→ **Data section**:
::::

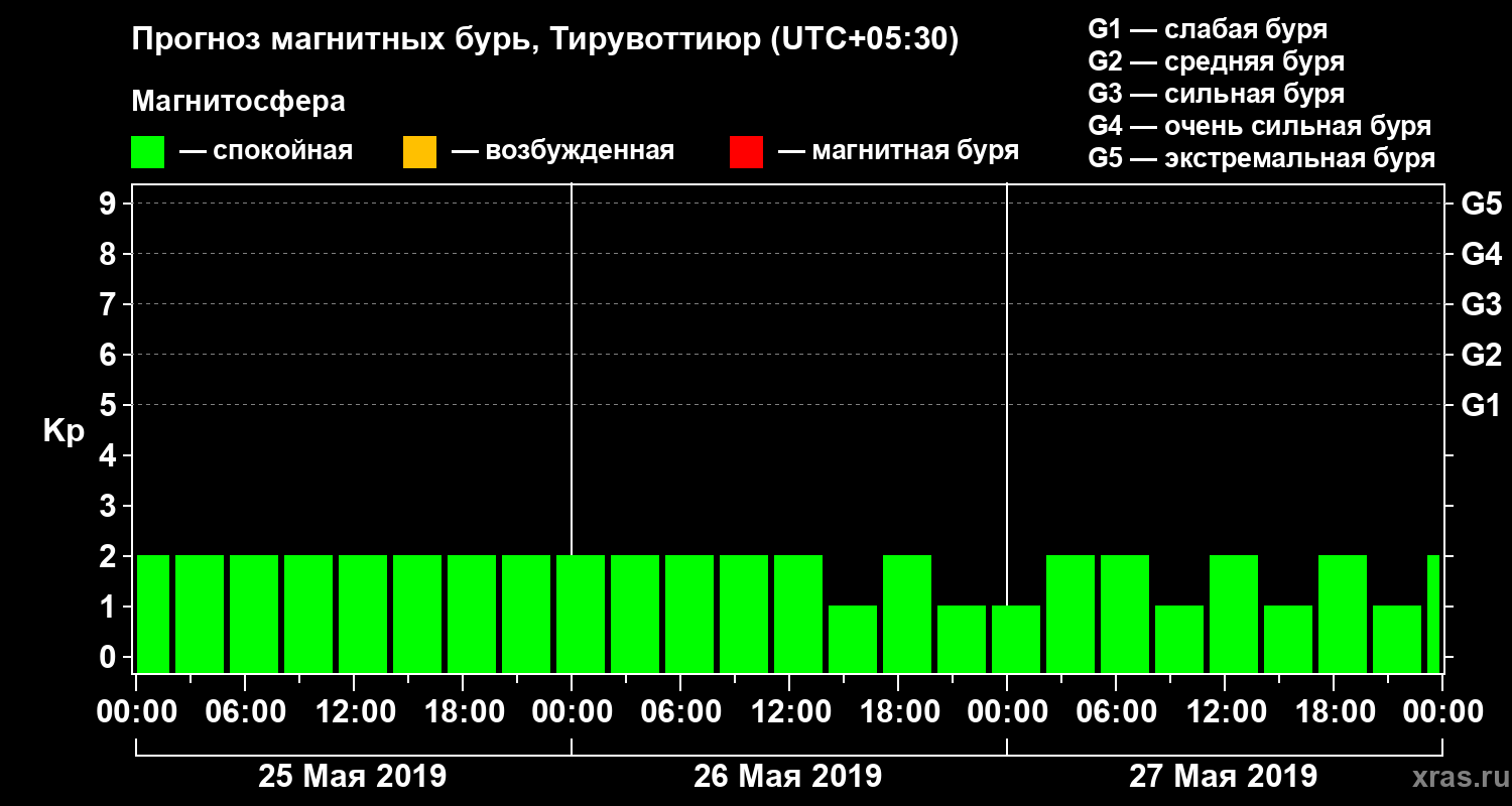 Прогноз магнитных бурь в Тирувоттиюре — 25 мая 2019 года
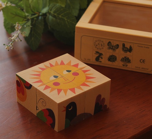 夏に野球部を引退してから、息子の体重は右肩上がり。 先日 急に、ダイエットする!!って意気込みだし、 夜な夜な近所をジョギングして、 ゼェゼェ言いながら帰ってきて、 CCレモンをがぶ飲み&とんがりコーン1箱 たいらげてた。 なんだそりゃ?! お年頃の思考回路は複雑・・or アホなだけか(笑) さてさて、今日は木の立体パズルをご紹介します。 スイスにある家族経営の小さな工房で作られる。 想像するだけで、とっても素敵♪ 6面体なので、6パターンが楽しめる。 独特な絵柄が印象的で、...
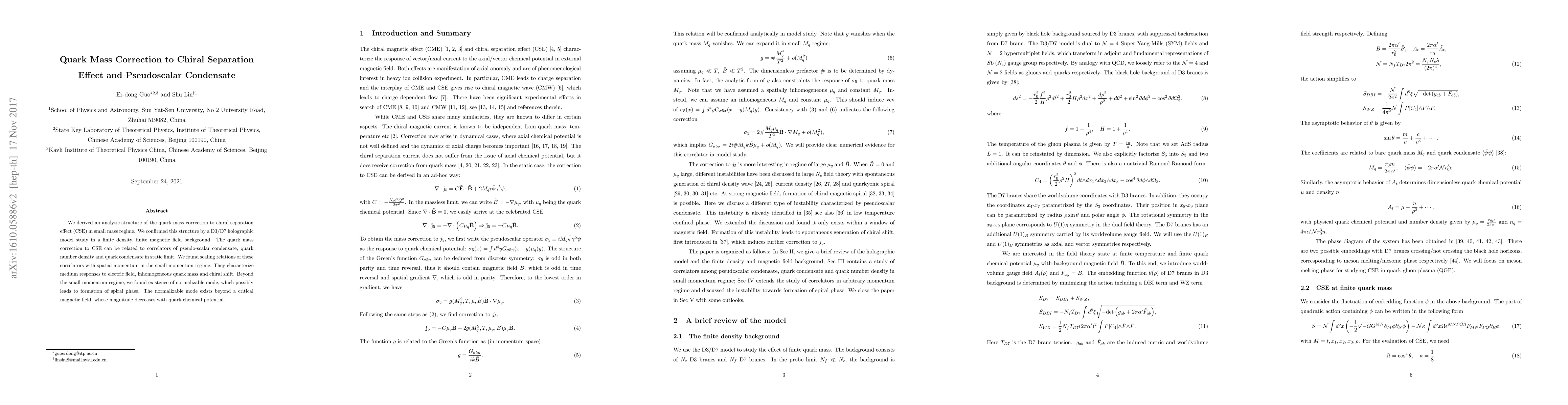 This paper derives an analytic structure for the quark mass correction to the chiral separation effect (CSE) in a small mass regime and confirms it using a D3/D7 holographic model. It finds scaling relations for correlators of pseudoscalar condensate, quark number density, and quark condensate in the static limit, characterizing medium responses to various fields. It also identifies a normalizable mode beyond a critical magnetic field, potentially leading to spiral phase formation.
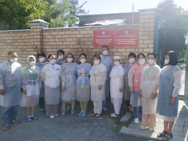 200 одноразовых халатов, 1 тысячу 750 штук медицинских масок, перчаток, 150 литров антисептика, 28 санитайзеров и 5 бесконтактных термометров приняла директор СЦРДиС Чолпон Арыкпаева.
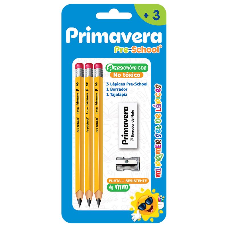 Cada componente del Set 3 Lápices - Borrador - Sacapuntas Pre-School es 100% original de Primavera, garantizando calidad y durabilidad. Si estás listo para llevar tu creatividad al siguiente nivel, este set es la herramienta perfecta. ¡No esperes más y hazlo tuyo hoy mismo!
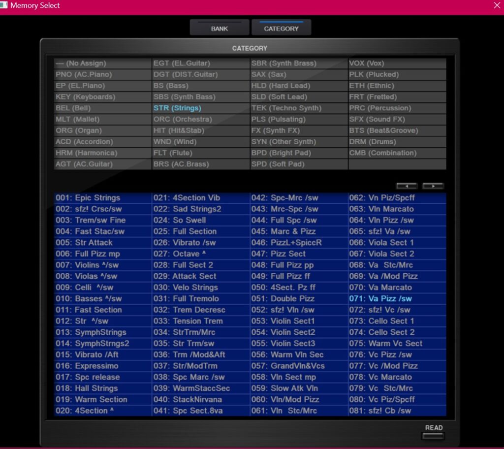SRX STRINGSには128のパッチが収録されており、大きく以下のカテゴリに分かれています:
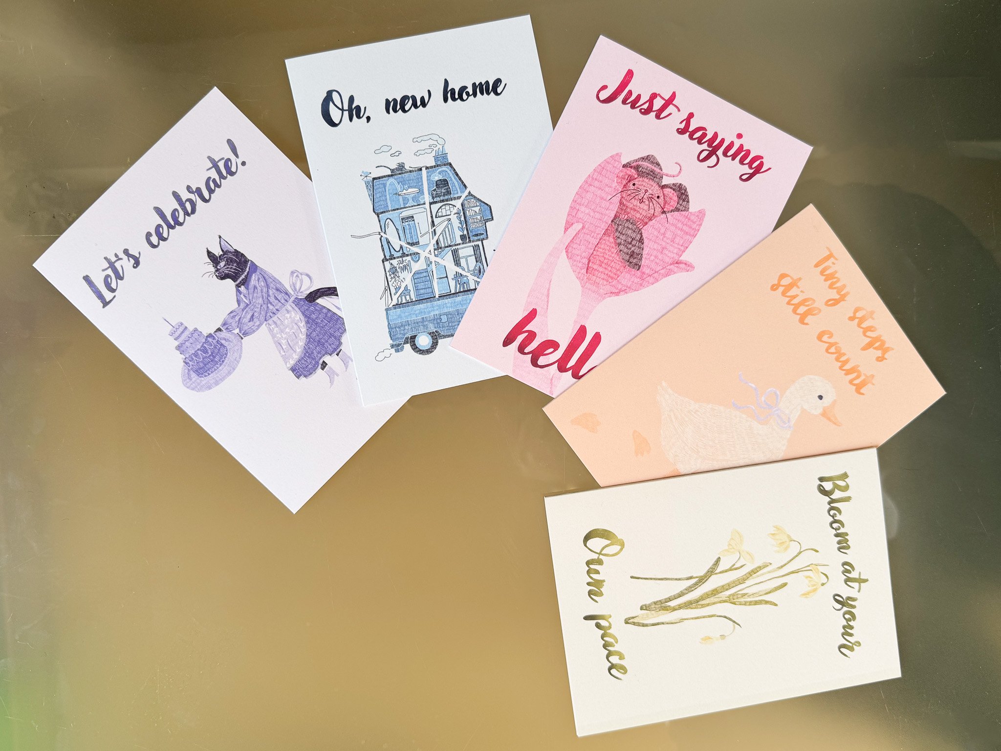 Er is altijd wel iets te vieren! Daarom heb ik een serie wenskaarten gemaakt die voor iedereen een glimlach op het gezicht tovert.
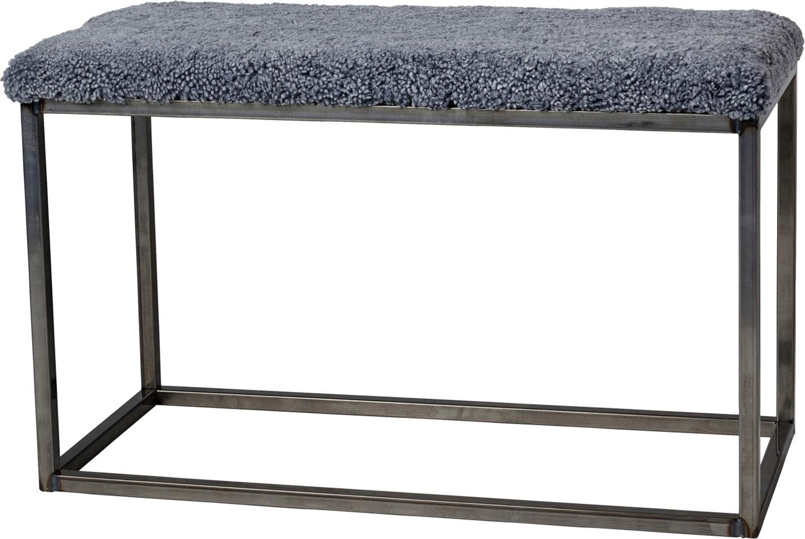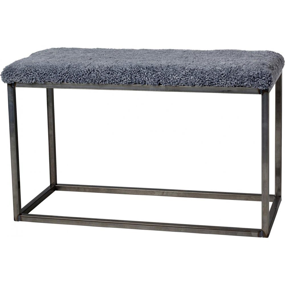 Bänk i klassisk skandinavisk design. Dyna i fårskinn från Australien på ett underrede i stål. Använd som en extra sittplats eller som snygg inredningsdetalj. Finns i flera färgkombinationer och storlekar. Curly fårskinn från Australien är färgade med den miljövänliga färgningsprocessen - ECO-TAN. Två fårskinn är aldrig lika. Det innebär att färdig produkt kan variera i utseende, när det gäller nyans och struktur. Går att komplettera med näthylla av stål i svart eller omålad stål.
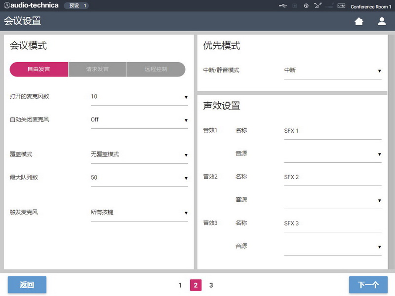 與常規手拉手會議系統一樣,ATUC-50系統也設有多種發言模式,如“自由發言”、“請求發言”、“遠程控制”以及各種“覆蓋設置”模式和靈活的“聲控觸發”模式。
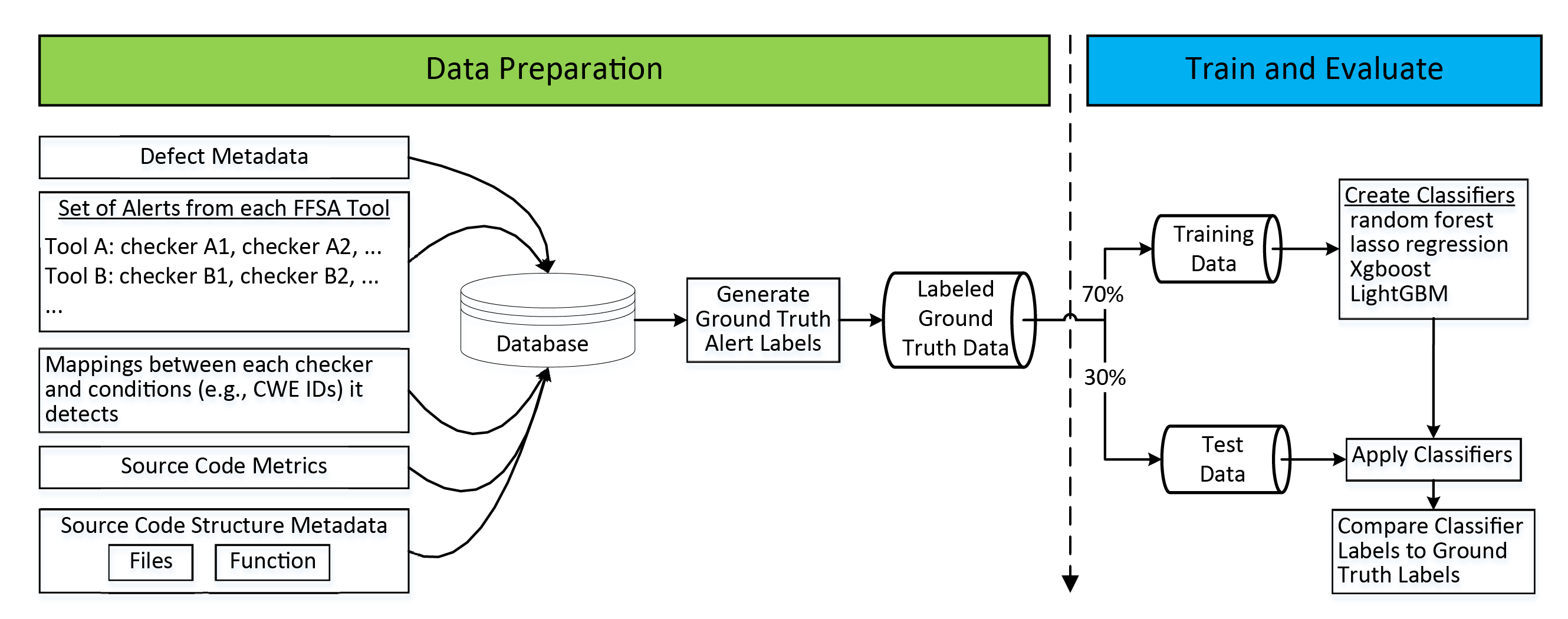 Obtaining relevant training data is the first ingredient to develop any machine learning-based classifier. Ideal data in this case would include a large number of FFSA alerts with expert labels specifying whether each alert is a false positive. Unfortunately, publicly-available data of this type is scarce. An organization that wishes to use a SAAC to maintain its code base must apply internal expertise to label alerts, which increases the start-up cost of using a SAAC and ultimately reduces the value of a SAAC for smaller organizations that do not have much internal data.
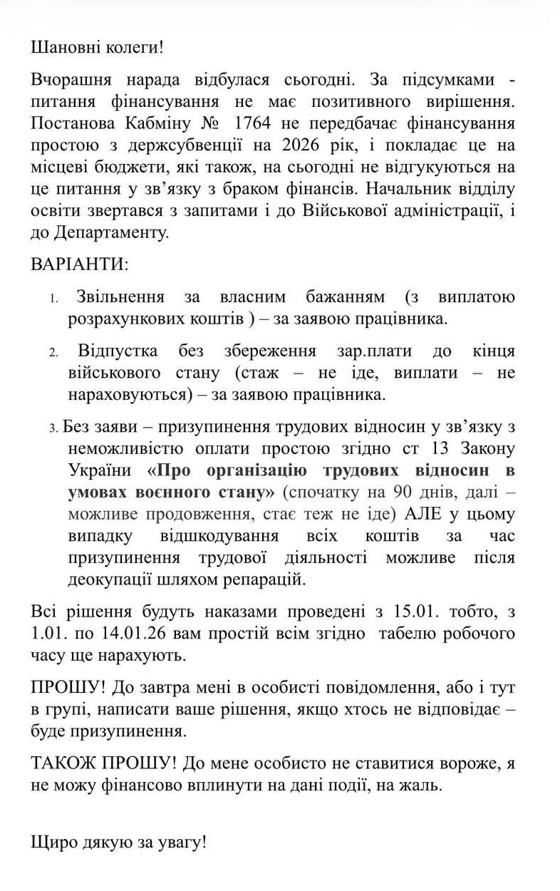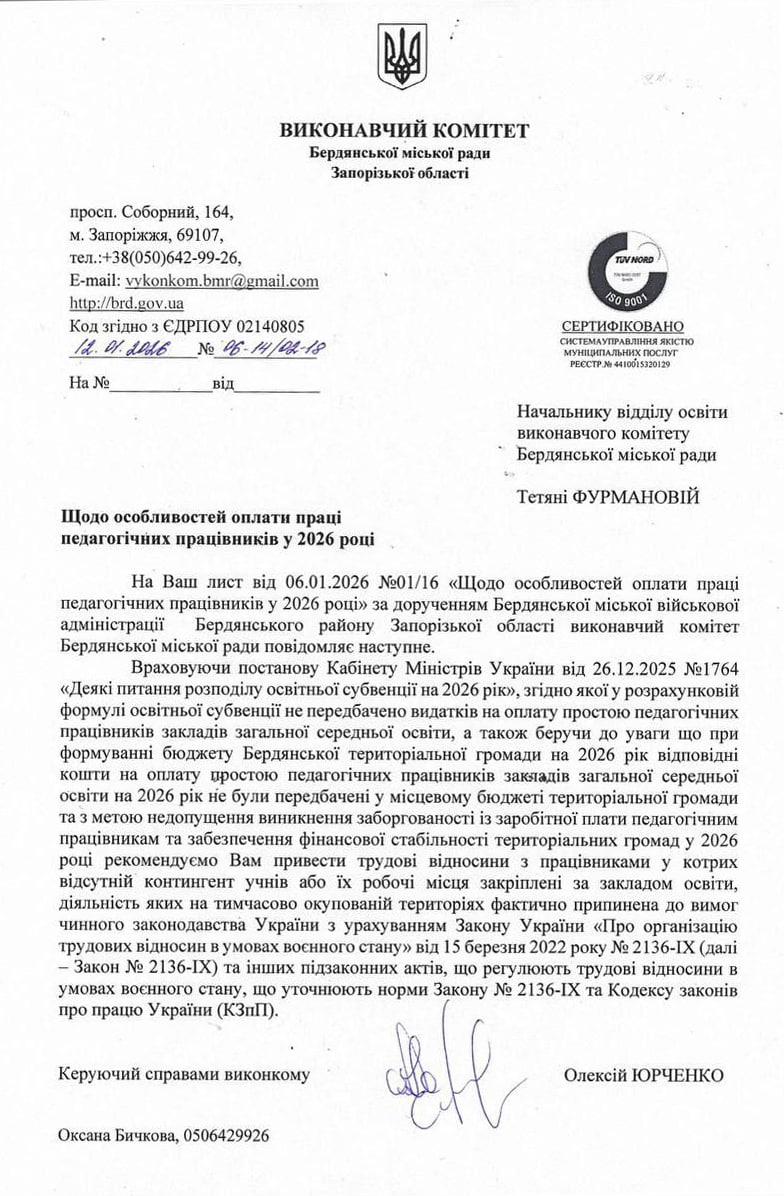 До редакції «Бердянськ 24» потрапили документи, які підтверджують цілеспрямоване скорочення педагогічного складу. Бердянський міськвиконком повідомив начальника відділу освіти Тетяну Фурманову, що ані в державному, ані в місцевому бюджетах не закладені гроші на зарплату викладачів «на простої». Міська влада послалася на Постанову Кабміну №1764 та рекомендувала відділу освіти навести лад у трудових відносинах. Тож бердянським вчителям «на простої» запропонували три варіанти: звільнення за власним бажанням, відпустку без збереження зарплати до кінця військового стану чи призупинення трудових відносин.
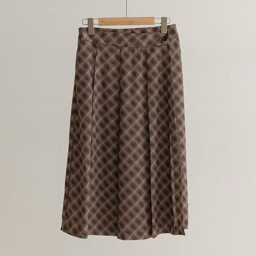 [엘리시아]트레 플리츠 랩 체크 롱 스커트
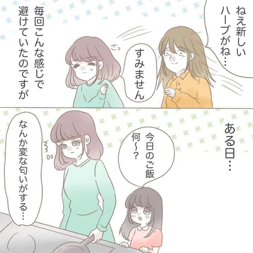 「極力関わりたくない」と避けていたアオイさんでしたが、ある日、なんとユカリちゃんから“変なにおい”が……!?
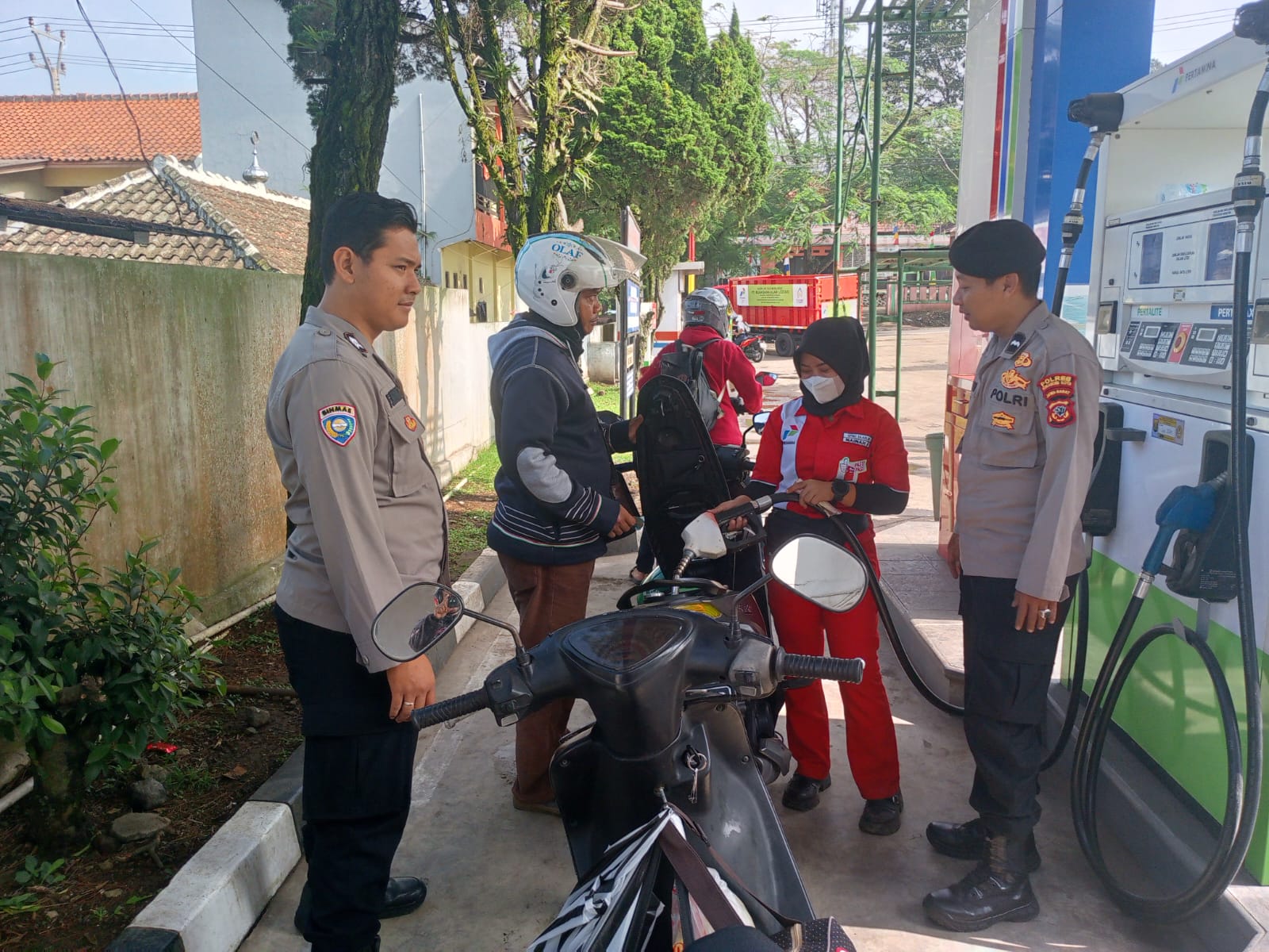 SUKABUMI — Polsek Sukalarang — polres Sukabumi Kota, Patroli Dialogis Siang dengan Karyawan Antisipasi Gangguan Kamtibmas Di SPBU Sambil Sampaikan Himbauan Kepada Warga Yang Sedang Mengisi BBM, Pada Selasa, ( 09 Juli 2024 ) Siang.

::::

→ **Work task**: Wherever the listing shows a picture, omit it and output the rest exactly as given.

→ **Answer section**:
 Прогноз магнитных бурь в Тирувоттиюре — 25 мая 2019 года
 夏に野球部を引退してから、息子の体重は右肩上がり。 先日 急に、ダイエットする!!って意気込みだし、 夜な夜な近所をジョギングして、 ゼェゼェ言いながら帰ってきて、 CCレモンをがぶ飲み&とんがりコーン1箱 たいらげてた。 なんだそりゃ?! お年頃の思考回路は複雑・・or アホなだけか(笑) さてさて、今日は木の立体パズルをご紹介します。 スイスにある家族経営の小さな工房で作られる。 想像するだけで、とっても素敵♪ 6面体なので、6パターンが楽しめる。 独特な絵柄が印象的で、...
 This paper derives an analytic structure for the quark mass correction to the chiral separation effect (CSE) in a small mass regime and confirms it using a D3/D7 holographic model. It finds scaling relations for correlators of pseudoscalar condensate, quark number density, and quark condensate in the static limit, characterizing medium responses to various fields. It also identifies a normalizable mode beyond a critical magnetic field, potentially leading to spiral phase formation.
 200 одноразовых халатов, 1 тысячу 750 штук медицинских масок, перчаток, 150 литров антисептика, 28 санитайзеров и 5 бесконтактных термометров приняла директор СЦРДиС Чолпон Арыкпаева.
 Cada componente del Set 3 Lápices - Borrador - Sacapuntas Pre-School es 100% original de Primavera, garantizando calidad y durabilidad. Si estás listo para llevar tu creatividad al siguiente nivel, este set es la herramienta perfecta. ¡No esperes más y hazlo tuyo hoy mismo!
SRX STRINGSには128のパッチが収録されており、大きく以下のカテゴリに分かれています:
 Er is altijd wel iets te vieren! Daarom heb ik een serie wenskaarten gemaakt die voor iedereen een glimlach op het gezicht tovert.
 Bänk i klassisk skandinavisk design. Dyna i fårskinn från Australien på ett underrede i stål. Använd som en extra sittplats eller som snygg inredningsdetalj. Finns i flera färgkombinationer och storlekar. Curly fårskinn från Australien är färgade med den miljövänliga färgningsprocessen - ECO-TAN. Två fårskinn är aldrig lika. Det innebär att färdig produkt kan variera i utseende, när det gäller nyans och struktur. Går att komplettera med näthylla av stål i svart eller omålad stål.
 與常規手拉手會議系統一樣,ATUC-50系統也設有多種發言模式,如“自由發言”、“請求發言”、“遠程控制”以及各種“覆蓋設置”模式和靈活的“聲控觸發”模式。
 Obtaining relevant training data is the first ingredient to develop any machine learning-based classifier. Ideal data in this case would include a large number of FFSA alerts with expert labels specifying whether each alert is a false positive. Unfortunately, publicly-available data of this type is scarce. An organization that wishes to use a SAAC to maintain its code base must apply internal expertise to label alerts, which increases the start-up cost of using a SAAC and ultimately reduces the value of a SAAC for smaller organizations that do not have much internal data.
 До редакції «Бердянськ 24» потрапили документи, які підтверджують цілеспрямоване скорочення педагогічного складу. Бердянський міськвиконком повідомив начальника відділу освіти Тетяну Фурманову, що ані в державному, ані в місцевому бюджетах не закладені гроші на зарплату викладачів «на простої». Міська влада послалася на Постанову Кабміну №1764 та рекомендувала відділу освіти навести лад у трудових відносинах. Тож бердянським вчителям «на простої» запропонували три варіанти: звільнення за власним бажанням, відпустку без збереження зарплати до кінця військового стану чи призупинення трудових відносин.
 [엘리시아]트레 플리츠 랩 체크 롱 스커트
 「極力関わりたくない」と避けていたアオイさんでしたが、ある日、なんとユカリちゃんから“変なにおい”が……!?
 SUKABUMI — Polsek Sukalarang — polres Sukabumi Kota, Patroli Dialogis Siang dengan Karyawan Antisipasi Gangguan Kamtibmas Di SPBU Sambil Sampaikan Himbauan Kepada Warga Yang Sedang Mengisi BBM, Pada Selasa, ( 09 Juli 2024 ) Siang.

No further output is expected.